Qantas (QF, Sydney Kingsford Smith) has said in a statement that it will sell its domestic terminal at Melbourne Tullamarine Airport for AUD355 million Australian dollars (USD246 million), to consist of AUD276 million in cash on settlement and the remainder “to be accrued in future periods”.

All of its retail and aeronautical assets at the terminal, known as Terminal 1 (T1), will be transferred to the airport as per the agreement, which is valid from July 1.

However, Qantas has also signed a 10-year operational licence deal that gives it exclusive access to T1 for domestic services, including its premium passenger lounges.

The airline said it would assess options to operate some international flights from the terminal "outside of peak times", with the airport agreeing in a separate statement that such a move would optimise capacity at all times of the day.

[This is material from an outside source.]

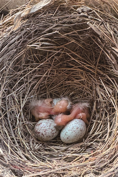 “鸟巢不大,圆圆的,由枯树枝、草秆、苔藓组成。里面躺着3个小小的鸟蛋,样子很像菜市场卖的鹌鹑蛋。”
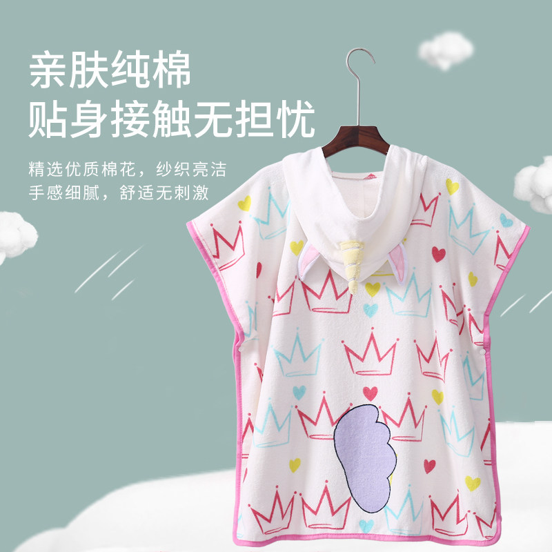 Children's bath towel hooded cloak pure cotton absorbent towel clothing boys and girls swimming bathrobe beach towel

"The T1 agreement recognises the important relationship between Qantas and Melbourne Airport. It secures T1 as Qantas’ Melbourne home over the next decade, by which time Melbourne will be well on the way to being Australia’s largest city by population," the airport said.

It is Qantas’s third such sale in recent years. In 2014, Brisbane International paid the airline AUD112 million to buy its lease for part of the domestic terminal, which had been due to expire at year-end 2018. In 2015, Sydney Kingsford Smith paid Qantas AUD535 million to buy back a lease for Terminal 3 four years before expiration, allowing the carrier priority usage of the terminal until June 2025.

Melbourne is Qantas's second-most important airport by capacity, accounting for 17.14% of its weekly seats (132,380 of the total 772,416) and 14.48% by weekly flights (778 of 5,372). Five of Qantas's routes from Melbourne are among its top seven routes by capacity, namely to Sydney, Brisbane, Perth International, Adelaide International, and Canberra.